*Your assignment*. Would you output the listing exactly, with every image omitted?

*Collected material*.
######

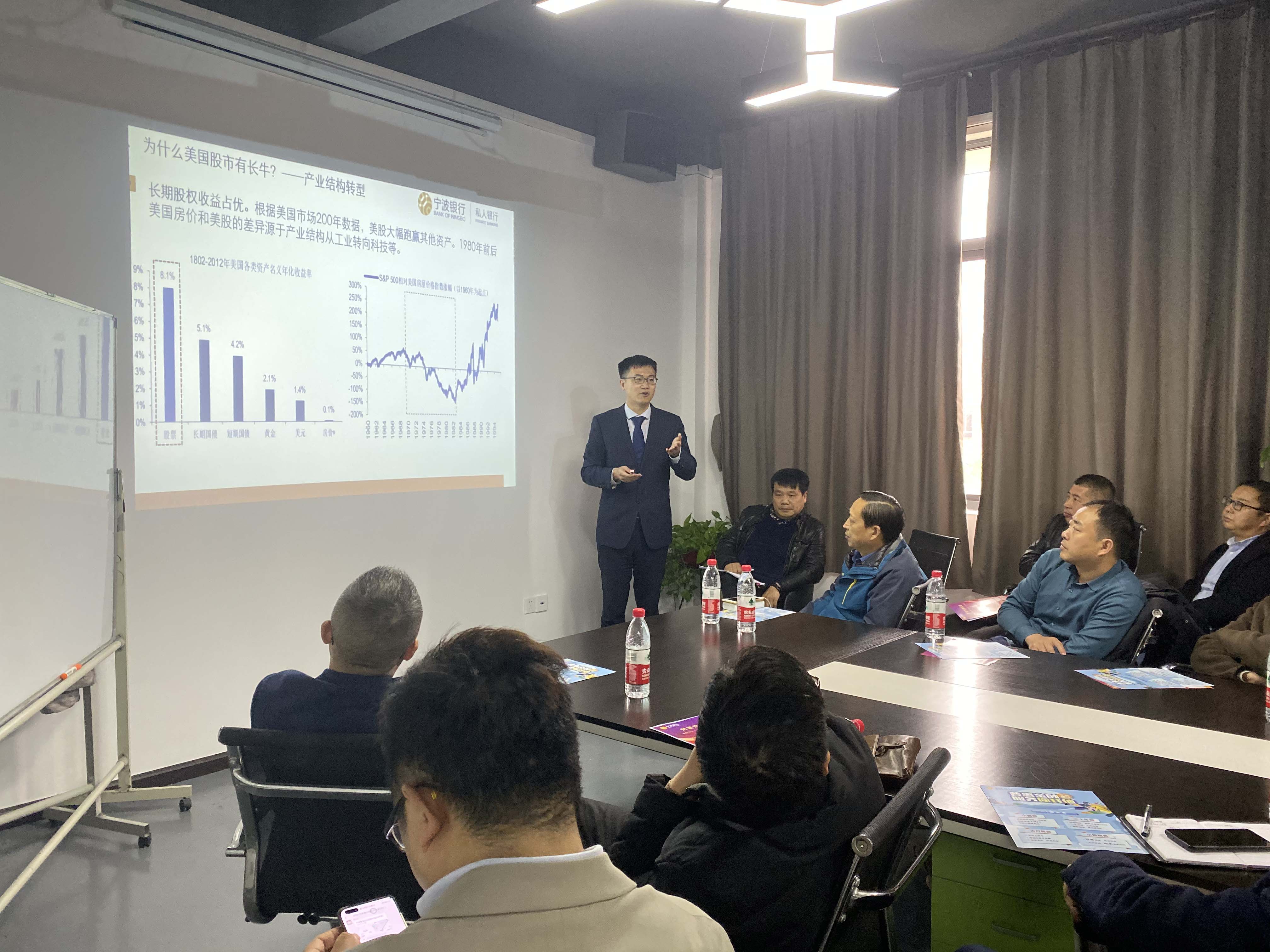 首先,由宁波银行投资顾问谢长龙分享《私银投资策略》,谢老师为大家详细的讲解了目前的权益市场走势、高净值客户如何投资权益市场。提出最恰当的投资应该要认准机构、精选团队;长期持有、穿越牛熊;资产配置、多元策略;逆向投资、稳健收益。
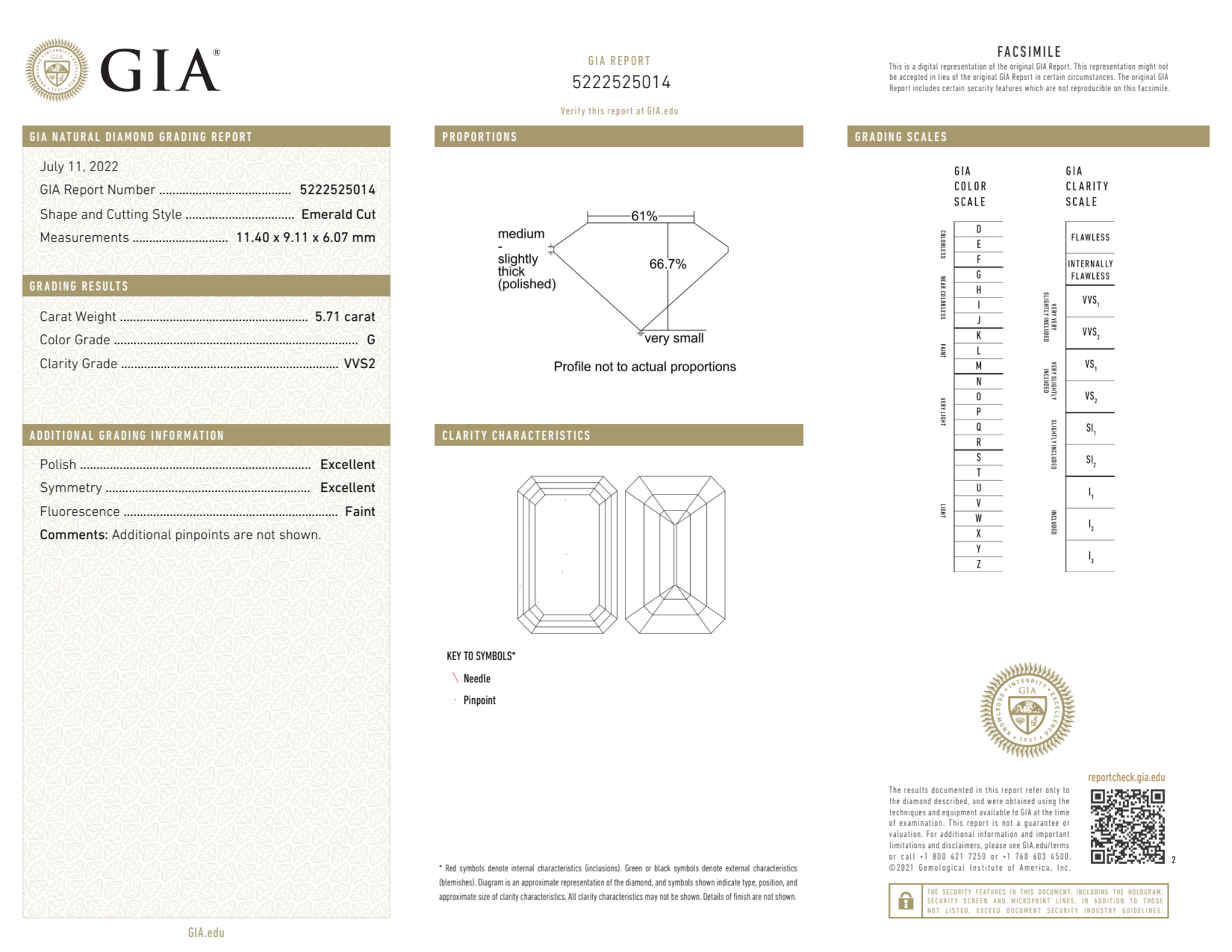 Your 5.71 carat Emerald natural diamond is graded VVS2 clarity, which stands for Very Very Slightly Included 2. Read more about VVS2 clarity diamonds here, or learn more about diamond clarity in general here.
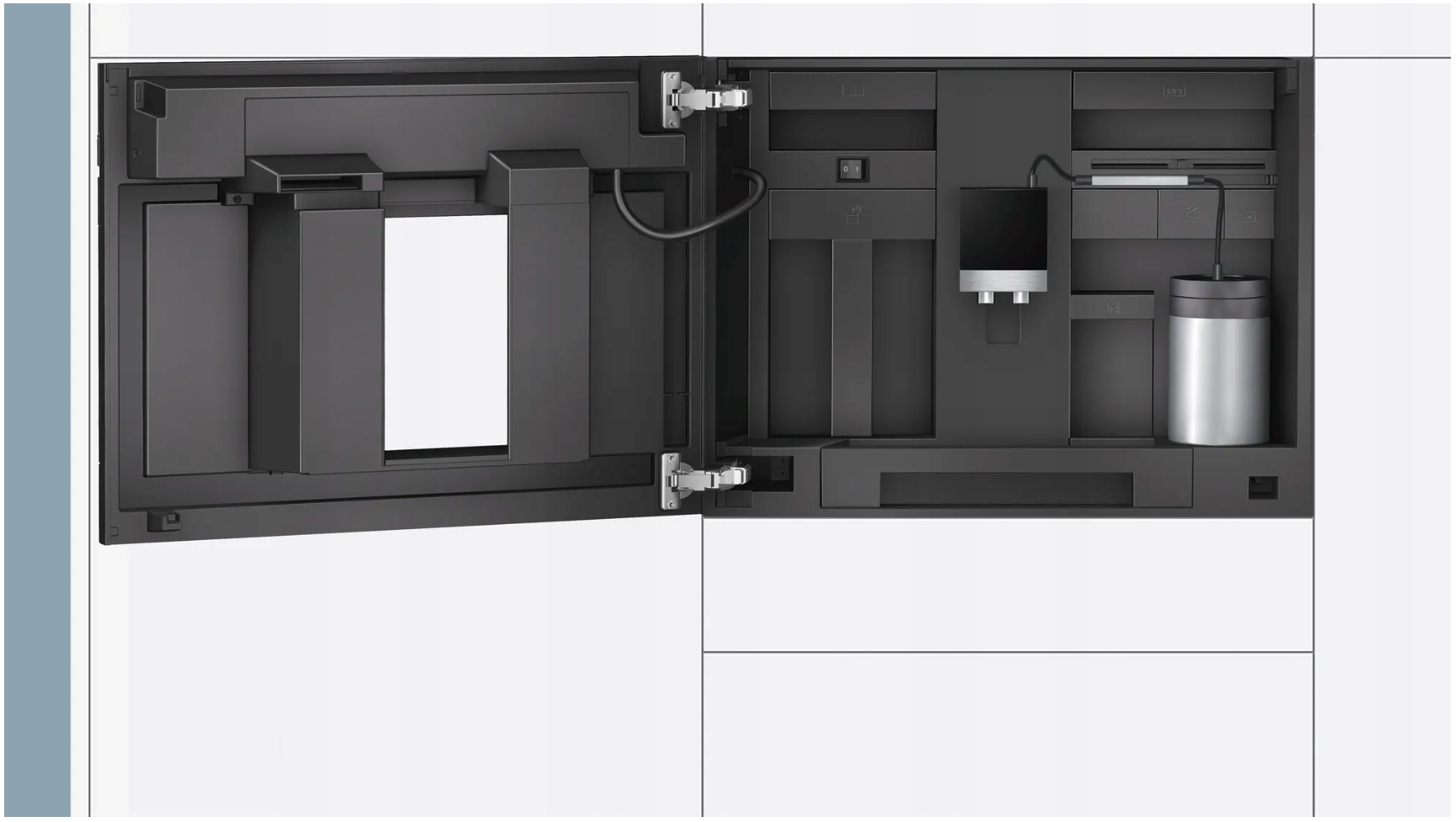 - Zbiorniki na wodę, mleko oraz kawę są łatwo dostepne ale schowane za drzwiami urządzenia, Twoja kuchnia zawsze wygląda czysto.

######

*Task answer*.
 首先,由宁波银行投资顾问谢长龙分享《私银投资策略》,谢老师为大家详细的讲解了目前的权益市场走势、高净值客户如何投资权益市场。提出最恰当的投资应该要认准机构、精选团队;长期持有、穿越牛熊;资产配置、多元策略;逆向投资、稳健收益。
 Your 5.71 carat Emerald natural diamond is graded VVS2 clarity, which stands for Very Very Slightly Included 2. Read more about VVS2 clarity diamonds here, or learn more about diamond clarity in general here.
 - Zbiorniki na wodę, mleko oraz kawę są łatwo dostepne ale schowane za drzwiami urządzenia, Twoja kuchnia zawsze wygląda czysto.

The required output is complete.